Three hundred years before the growth of that English welfare state, British philosopher Thomas Hobbes argued that without social contracts and government man was fated to live a life that was “solitary, poore, nasty, brutish, and short”. Hobbes was describing the condition of man living in anarchy and Leviathan is indeed an argument for social contracts and governments. It’s a more sophisticated version of what Rabbi Chaninah taught in the Ethics of the Fathers: “Pray for the welfare of the government. If it were not for the fear of the government, each man would eat his neighbor alive!” Chaninah was describing the Romans and Hobbes was an advocate of monarchy. They understood that ultimately government is coercive. Hobbes said, “except they be restrained through fear of some coercive power, every man will dread and distrust each other.” Hobbes called his society of interlocking social contracts Leviathan.

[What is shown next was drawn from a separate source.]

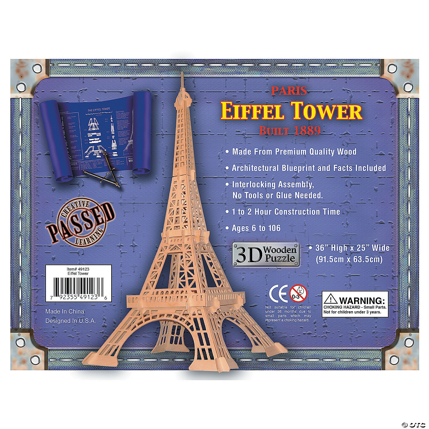 Young builders hone their visual perception and engineering skills while assembling this famous monument. The Eiffel Tower construction blueprints add to the fun and challenge; precision-cut pieces made of premium basswood interlock easily, so no tools are required. Weighs just 3 lbs. Approximate scale: 1' equals 350'. 32 pieces.• Made from premium quality wood• Architectural blueprint and facts included • Interlocking assembly • No tools or glue needed• One to two hours construction time• 36" high X 25" wide Download Instructions

Without those social contracts, the rule of law and the ability to rely on the fact that actual contracts will be enforced, the industrial revolution would most likely never have happened. Hobbes’ Leviathan seems to be necessary. The problem with Leviathan is that as it grows beyond a certain point it starts to strangle things and restrict freedom.
Taylor picked 1914 because World War One was the impetus for a tremendous growth in the size and scope of the British government. Interestingly, the automobile was introduced and considerably developed by 1914. By 1914 cars were a major industry. By the end of 1914, Henry Ford had sold three quarters of a million Model Ts, the Dodge brothers were selling their own cars (after having supplied Ford) and Billy Durant was busy using Chevrolet to buy back control of General Motors. Ford, Durant and the Dodges don’t really have modern counterparts. Those original automotive entrepreneurs operated in an era with virtually no environmental and few financial regulations. Government was a virtual non-entity in their business plans unless those plans involved miltary sales. Today’s automotive entrepreneurs, like Tesla’s Elon Musk and Fisker’s Henrik Fisker base their entire business models on government. The look to Leviathan for low cost business loans and for regulations and tax credits that favor their retail sales model.
Perhaps if the car was invented today, it could be sold, but it would probably end up being even more regulated and more expensive than a typical car is today.